→ What the task requires
The listing below must be repeated word for word, with its images excluded.
+++ Data records
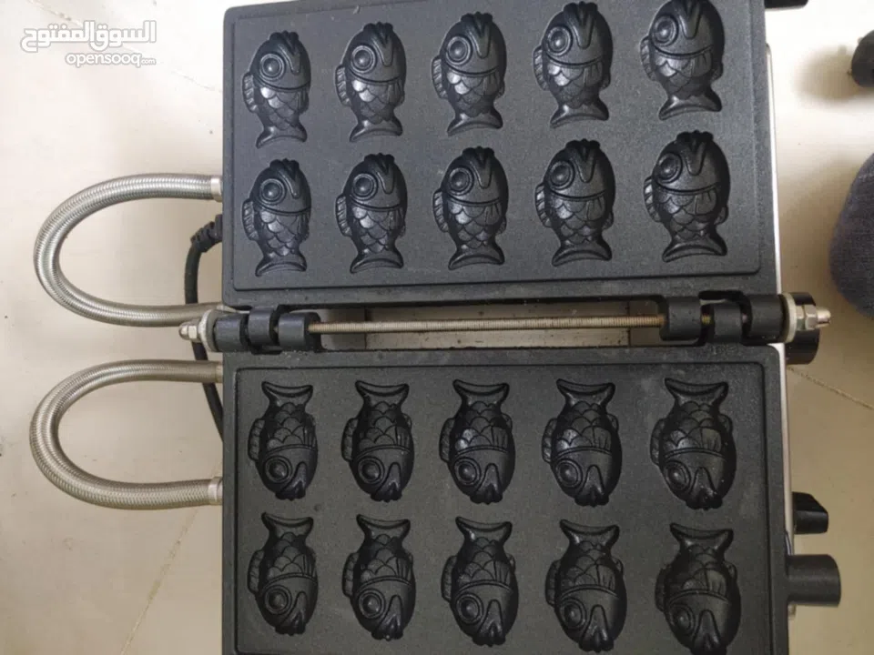 *ماكينة ميني تياكي (فيشيز) قالب 10 حبة تسخين فوق وتحت شغال 100% سمكة صغيرة، موقت ومعيار حرارة شغال 100% معها ايدين للتحكم بالقالب توصيلات كهرباء فعالة 100% موفرة جدا للطاقة ثيرموستات تسخين (فصل تلقائي عند وصول حرارة التسخين المطلوب) ، تصلح للاستخدام المنزلي او التجاري، استعمال طفيف جدا ( اقل من 3 شهور )
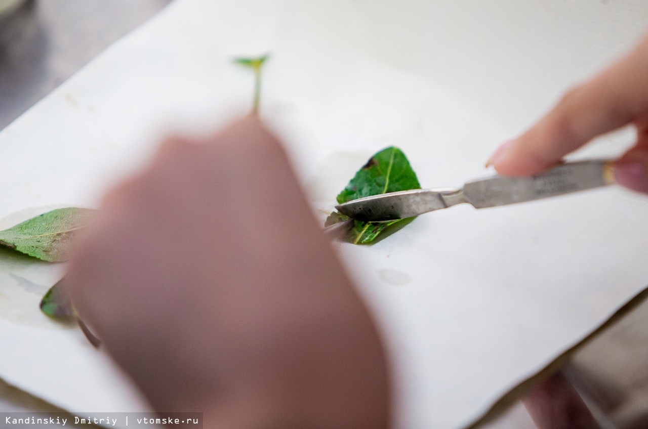 Листочки разрезаются на несколько частей вдоль продольной жилки. Нужны только свежие срезы, поясняет сотрудник лаборатории.
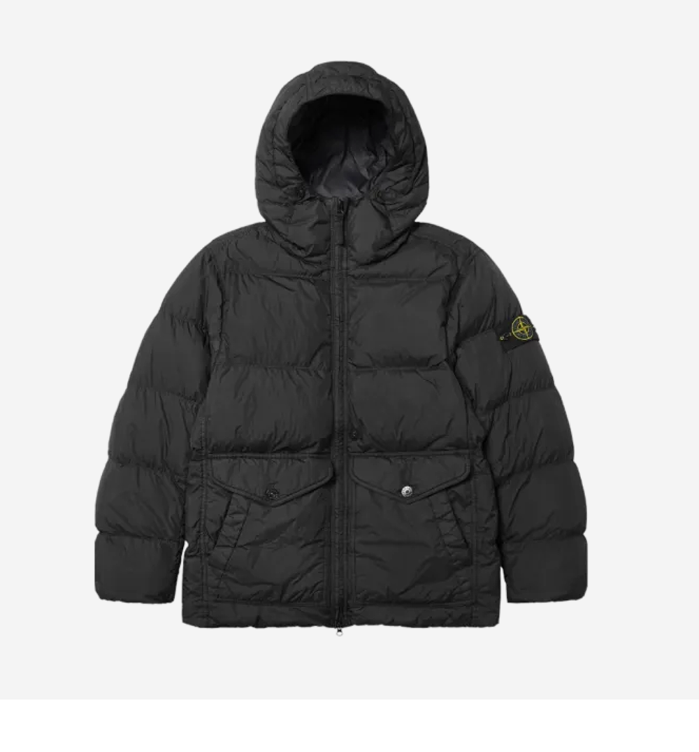 Stone Island 40723 Crinkle Reps Hooded Down Jacket Black - 24FW
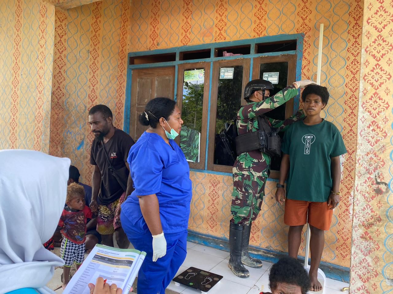 Kegiatan Pelayanan Kesehatan dan Baksos Satgas Pamtas RI-PNG Kewilayahan Yonif 410/Alugoro Pos Tahota yang dipimpin oleh Letda Ckm Ujang. S. Farm bersama anggota kesehatan dan sepuluh personel, melaksanakan kegiatan Baksos (Posyandu) berkolaborasi dengan PKM Tahota program bulanan bagi masyarakat di Kampung Seimeba Rk 2, Distrik Tahota, Kabupaten Mansel, Provinsi Papua Barat.
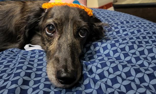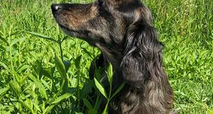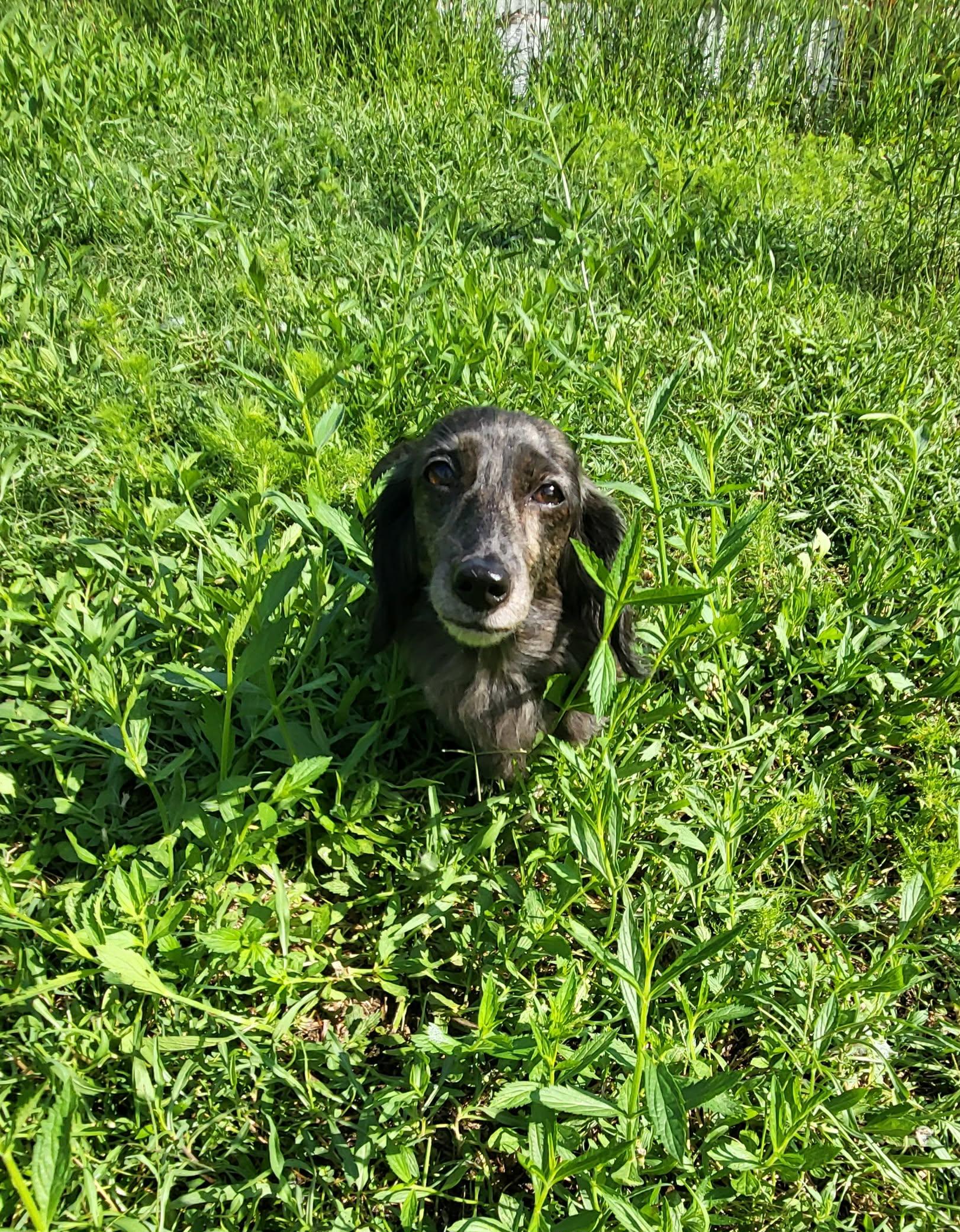 Lena is the sweetest little 7lbs long haired Brindle lady who loves snuggles and belly rubs.
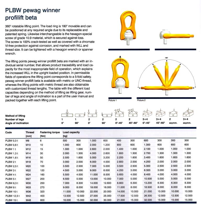 The lifting points pewag winner profilift beta are marked with an individual serial number, that allows product traceability and load capacity for the most inappropriate field of operation, which explains the increased WLL in the upright loaded position.
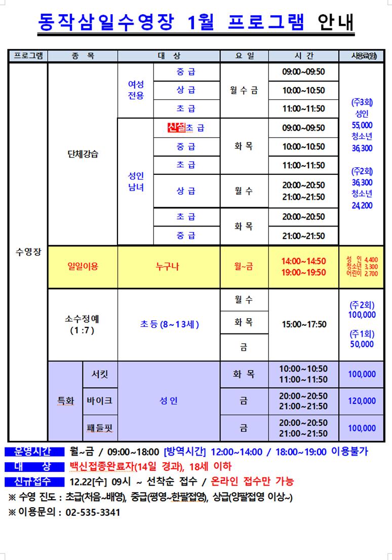 삼일수영장 동작삼일수영장 1월 프로그램 안내 작성자 삼일수영장 작성일 2021년 12월 14일 17시 23분 15초 조회 872 1월 프로그램.jpg [ Size : 127.09KB , Down : 501 ] 미리보기 다운로드 목록보기
++++++
→ Reply to the exercise
 *ماكينة ميني تياكي (فيشيز) قالب 10 حبة تسخين فوق وتحت شغال 100% سمكة صغيرة، موقت ومعيار حرارة شغال 100% معها ايدين للتحكم بالقالب توصيلات كهرباء فعالة 100% موفرة جدا للطاقة ثيرموستات تسخين (فصل تلقائي عند وصول حرارة التسخين المطلوب) ، تصلح للاستخدام المنزلي او التجاري، استعمال طفيف جدا ( اقل من 3 شهور )
 Листочки разрезаются на несколько частей вдоль продольной жилки. Нужны только свежие срезы, поясняет сотрудник лаборатории.
 Stone Island 40723 Crinkle Reps Hooded Down Jacket Black - 24FW
 Kegiatan Pelayanan Kesehatan dan Baksos Satgas Pamtas RI-PNG Kewilayahan Yonif 410/Alugoro Pos Tahota yang dipimpin oleh Letda Ckm Ujang. S. Farm bersama anggota kesehatan dan sepuluh personel, melaksanakan kegiatan Baksos (Posyandu) berkolaborasi dengan PKM Tahota program bulanan bagi masyarakat di Kampung Seimeba Rk 2, Distrik Tahota, Kabupaten Mansel, Provinsi Papua Barat.
 Lena is the sweetest little 7lbs long haired Brindle lady who loves snuggles and belly rubs.
 The lifting points pewag winner profilift beta are marked with an individual serial number, that allows product traceability and load capacity for the most inappropriate field of operation, which explains the increased WLL in the upright loaded position.
 삼일수영장 동작삼일수영장 1월 프로그램 안내 작성자 삼일수영장 작성일 2021년 12월 14일 17시 23분 15초 조회 872 1월 프로그램.jpg [ Size : 127.09KB , Down : 501 ] 미리보기 다운로드 목록보기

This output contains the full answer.